Attention en comparant les spectres à la différence d’échelle sur l’axe y.

Résumé des différents indices

 

Source lumineuse Indice M/P
lumière du jour 0,97
ordinateur mode jour 0,9
frontale lumière blanche 0,8
phare LED VTT 0,78
ordinateur mode intermédiaire 0,5
lampe halogène 2600K 0,48
lampe bureau LED 2700K 0,48
ordinateur mode nuit 0,16
frontale lumière rouge 0

En conclusion

Le rapport M/P, en tant qu’indice d’impact sur l’horloge biologique et notamment l’inhibition de la mélatonine, permet d’évaluer différentes sources indépendamment de leur intensité. En revanche l’effet réel sur l’horloge biologique dépend de seuils lumineux qui sont encore mal connus, même si certaines études montrent qu’il peuvent être très bas. La comparaison de plusieurs sources permet en revanche, pour une même quantité de lux perçus, de les classer en fonction de leur impact sur l’horloge biologique.

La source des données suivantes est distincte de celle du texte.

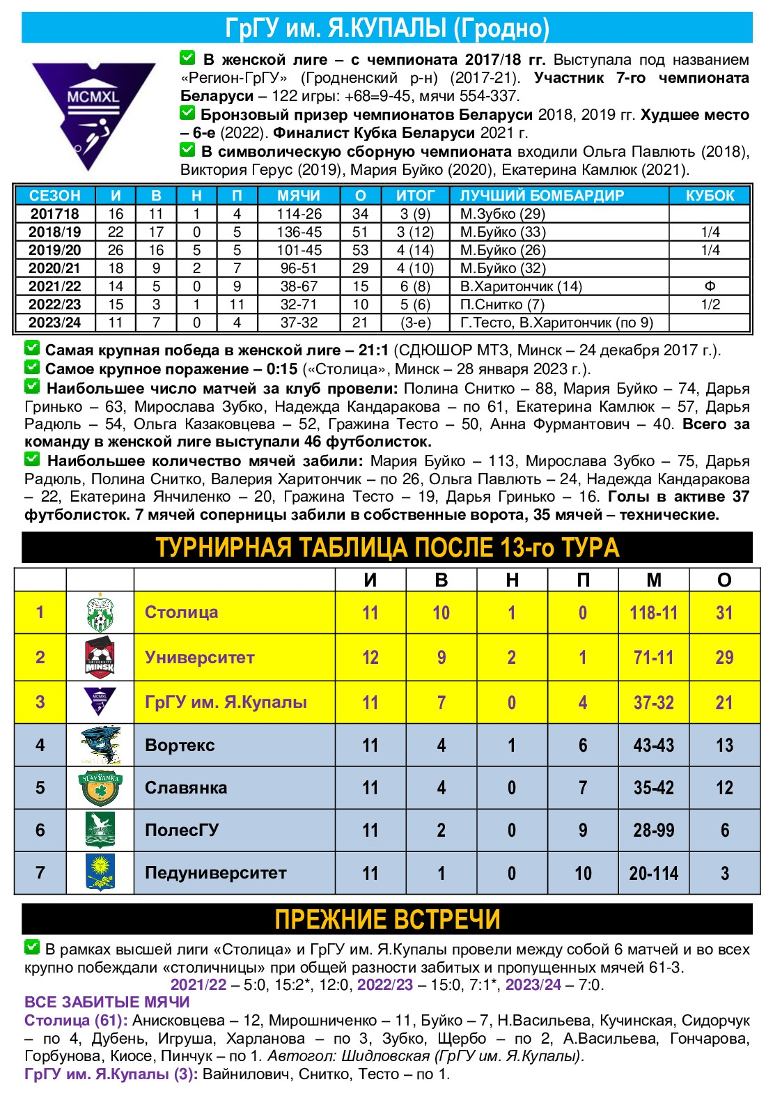 28.01.2023. ГрГУ им. Я.Купалы – Столица – 0:15 (0:4) (Мирошниченко, 2, 18, 23, 39, Анисковцева, 7, 18, 36, Горбунова, 29, Буйко, 32, 33, 38, Сидорчук, 36, 40, Шидловская, 37-с/в, Дубень, 38).
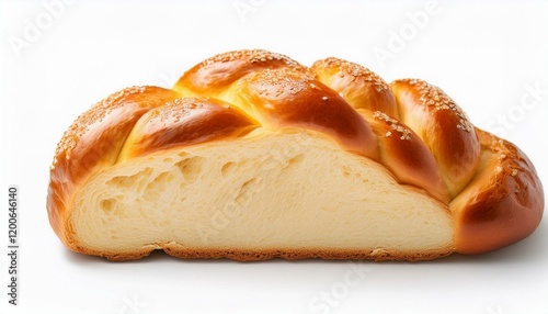 Golden-brown challah bread, sliced to reveal a fluffy interior.
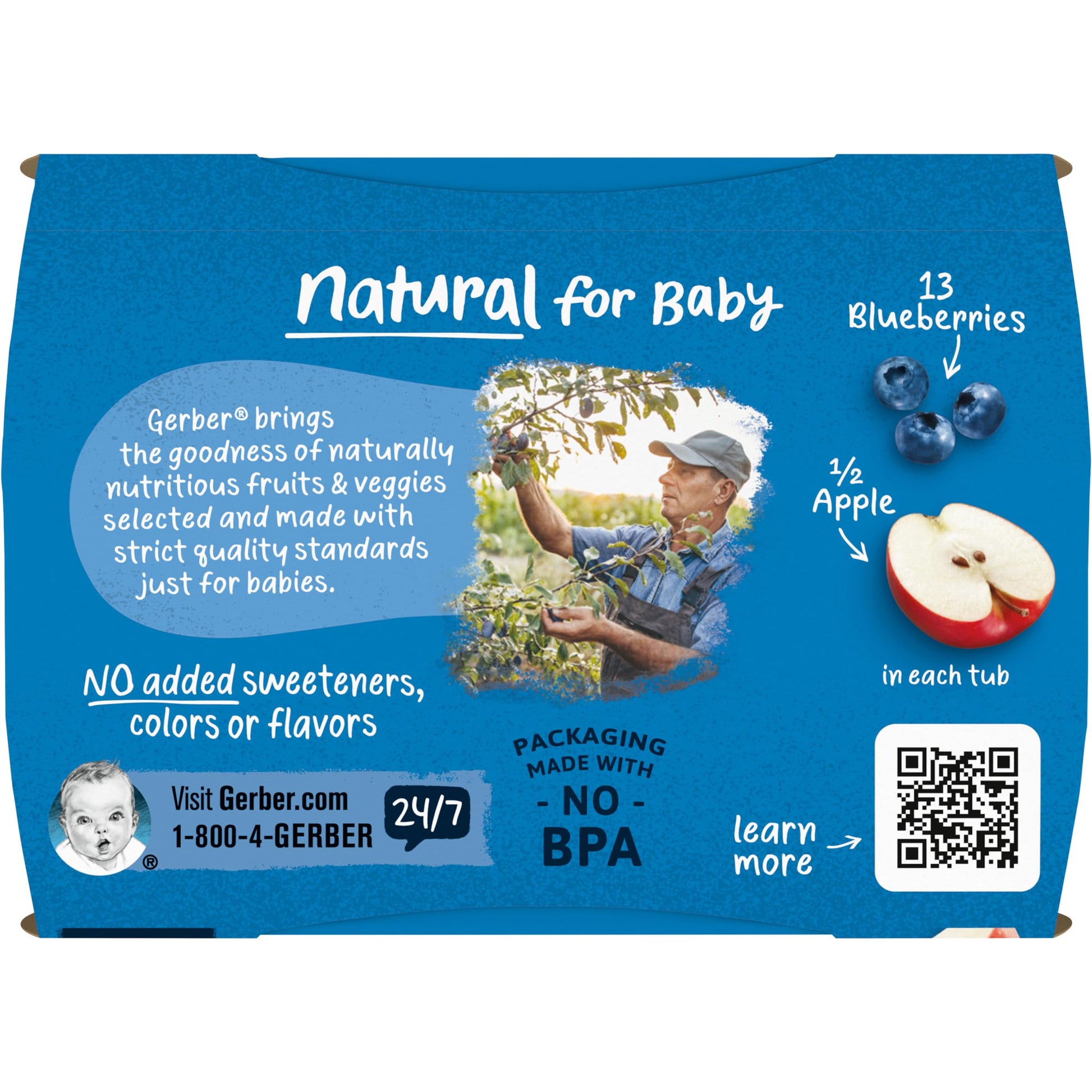 - Q: What ingredients are in Gerber 2nd Foods Apple Blueberry? A: Gerber 2nd Foods Apple Blueberry contains real fruits, specifically ½ apple and 13 blueberries in each tub. It is made without added starch, artificial flavors, or colors, ensuring a wholesome meal for your baby.
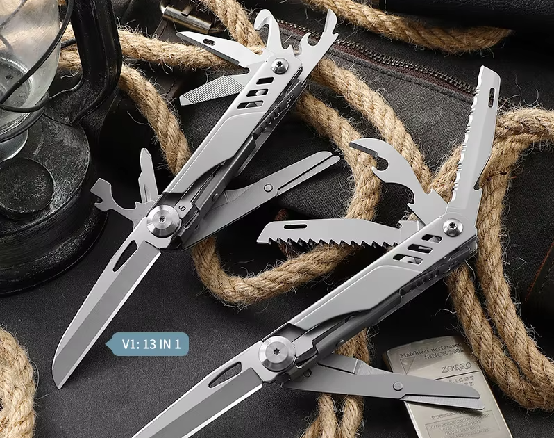 Инструмент включает острый нож, ножницы, отвёртки, открывалки и другие полезные элементы, что делает его незаменимым спутником в походе, на рыбалке, пикнике или в повседневных ситуациях. Эргономичная форма рукоятей обеспечивает уверенное удержание и комфорт при использовании.
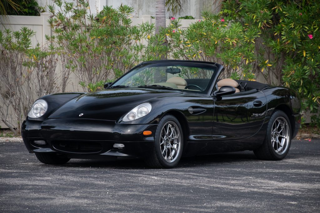 This 2002 Panoz Esperante is a black-over tan convertible that is powered by a hand-assembled 4.6-liter Ford DOHC V8 mated to a five-speed manual transmission and a limited-slip differential. Equipment includes a power-retractable black convertible top, carbon-fiber interior trim, a power-adjustable driver’s seat, traction control, a carbon-fiber engine cover, four-wheel independent suspension, and optional chrome-finished 18″ BBS wheels. The car spent time in Florida and Georgia before it was acquired by the seller in June 2021, and…
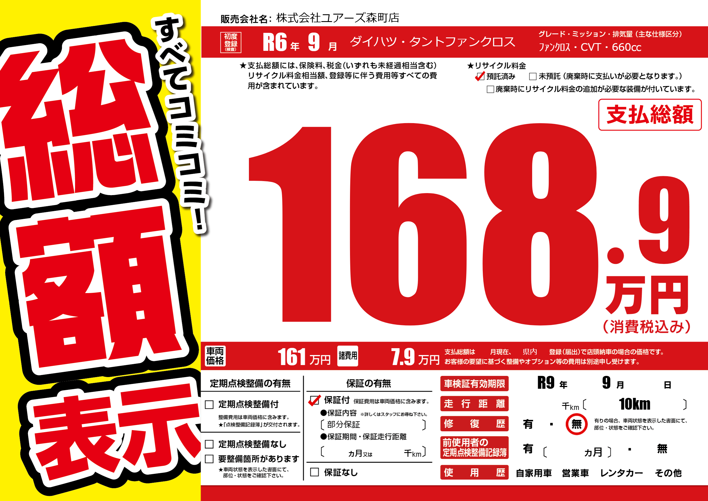 なし | 車検制限 | R9年9月---月 |
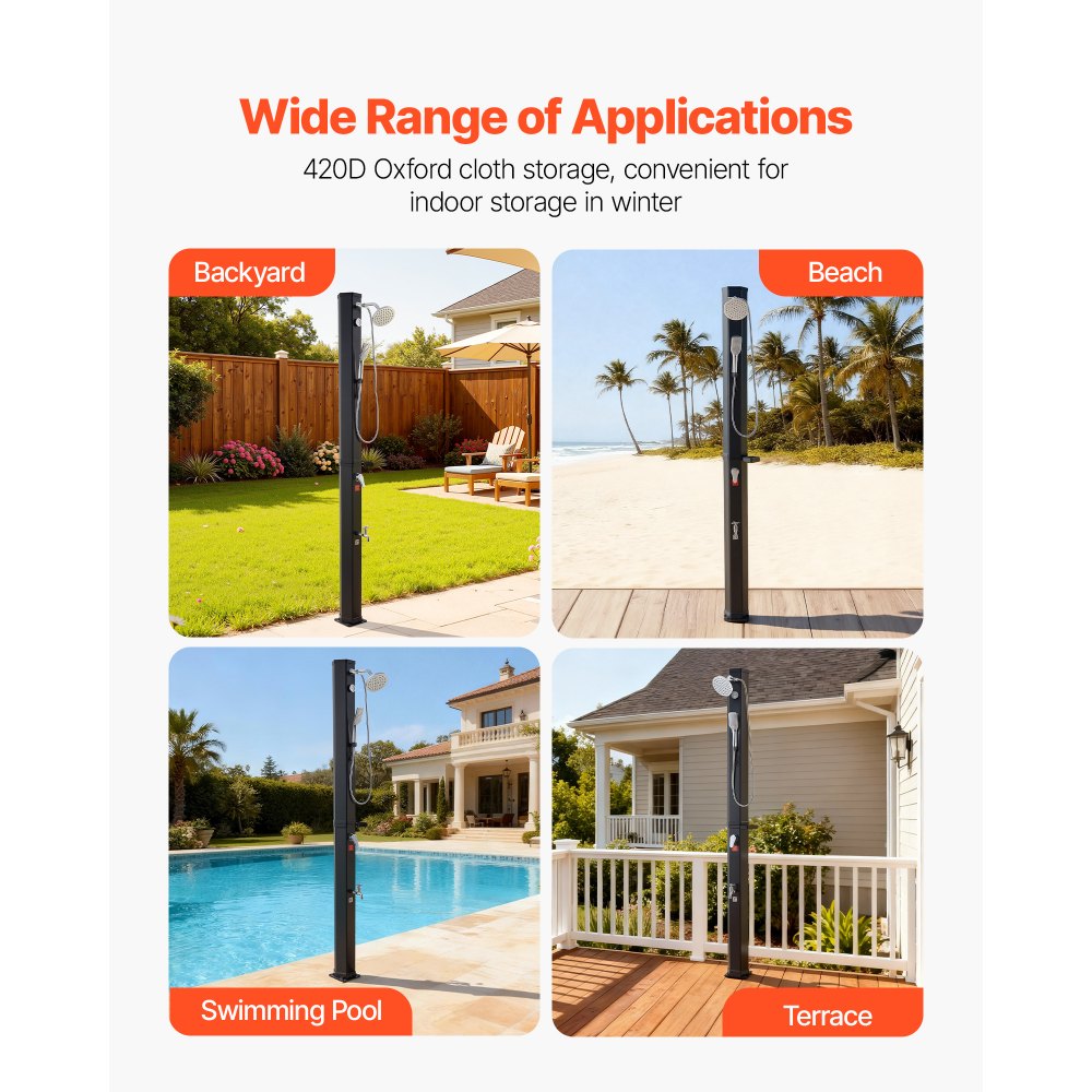 Disfrutar de las duchas al aire libre: Ideal para enjuagarse antes o después de nadar o refrescarse en días calurosos; ideal para usar en el jardín, la playa, la piscina o el patio; viene con una cubierta Oxford 420D para protegerse contra el clima; también se recomienda almacenamiento en interiores durante los meses más fríos
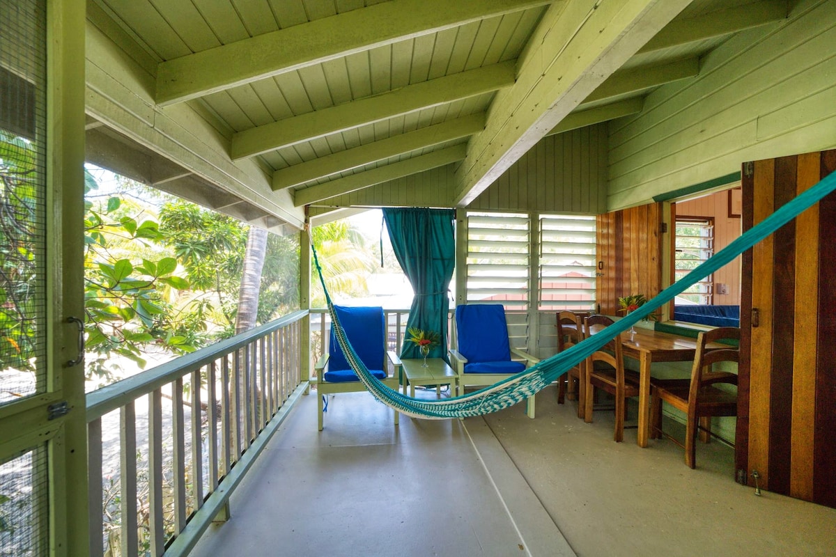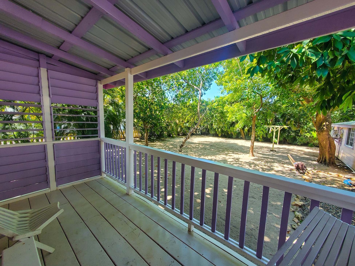 Stay in our stand alone cabana. Situated in the most private part of the property, is our cute purple cabana. Included is two full beds, a private porch, a kitchen, bathroom, television, and air conditioning. Included on the property is: daily cleaning of property, hammocks, gardens with picnic tables and seating, WIFI throughout the property and lots of shady from our mature trees.

L’horloge biologique ne règle pas uniquement le sommeil mais elle a de nombreuses implications dans une multitude de processus physiologiques au sein de notre organisme. Il y a donc un lien entre la lumière que nous recevons et notre santé. Pour plus d’explications je vous renvoie à l’ouvrage précédemment cité de Samuel Challéat.

 

Les chiffres mesurés et calculés dans les exemples ci-dessus ne concernent que l’œil humain ; des courbes d’actions sont disponibles pour un certain nombre d’autres espèces (obtenues soit par données physiologiques soit par données comportementales). Cependant, les photorécepteurs à mélanopsine sont présents chez de nombreuses autres espèces avec des sensibilités spectrales identiques. On peut donc penser que des effets très proches existent également chez celles-ci.